§ **Work request**: Print the listing below only from the line that has "de la camarita." through the line that has "- Compact 8", exactly, and drop any picture.

§ **Data extracts**:
--*--

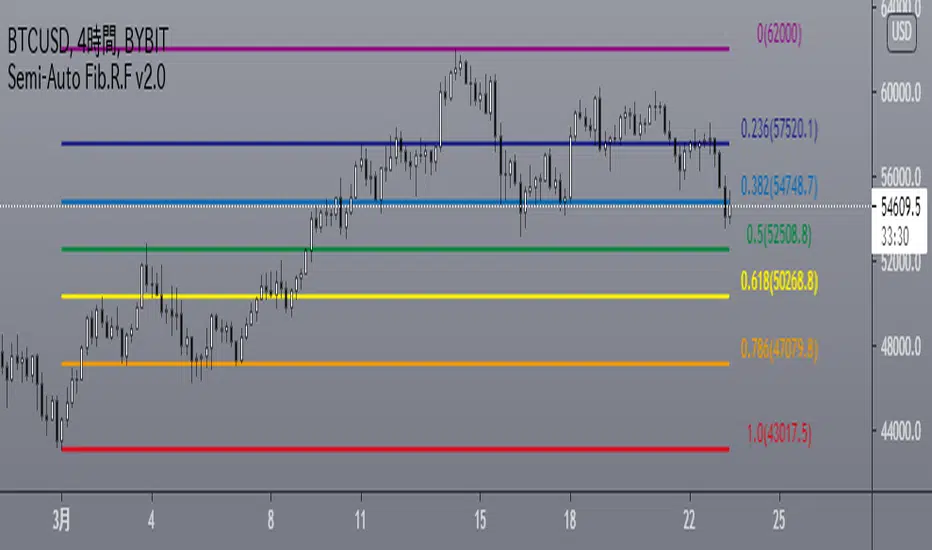 Semi-Automatic Fibonacci Retracement for Free ver.2.0Updated the input form to be closer to the built-in Fibonacci retracement.
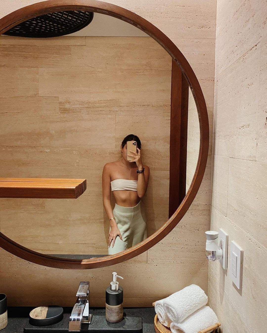 “Mirror selfie” fue el sencillo y corto mensaje que eligió Fernández para acompañar su reciente y fresca postal en la red de la camarita.
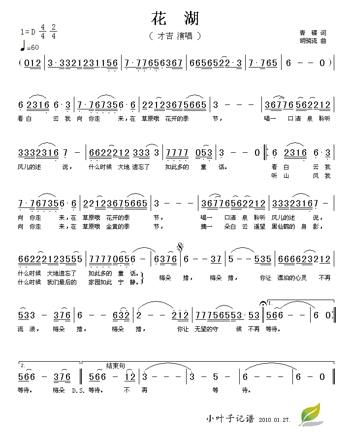 花湖简谱上传者为网友上传,原创作者为网络转载,歌曲原唱歌手为佚名,本简谱为图片格式,表现形式为,音乐性质为流行金曲。
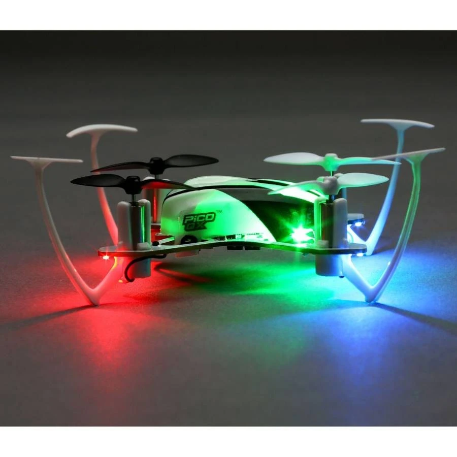 - Compact 8 gram micro quadcopter with internal battery and LED lights
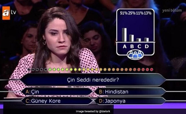 On the Turkish version of the popular game show Who Wants To Be A Millionaire? (The Indian version is known as Kaun Banega Crorepati?), a contestant used up two of her lifelines to answer where the Great Wall of China is located. According to Hurriyet Daily News, 26-year-old Su Ayhan was stumped when asked to name the location of the Great Wall of China. The Economics graduate from Istanbul was given four choices: China, India, South Korea, and Japan.

--*--

§ **Solution to the exercise**:
 “Mirror selfie” fue el sencillo y corto mensaje que eligió Fernández para acompañar su reciente y fresca postal en la red de la camarita.
 花湖简谱上传者为网友上传,原创作者为网络转载,歌曲原唱歌手为佚名,本简谱为图片格式,表现形式为,音乐性质为流行金曲。
 - Compact 8 gram micro quadcopter with internal battery and LED lights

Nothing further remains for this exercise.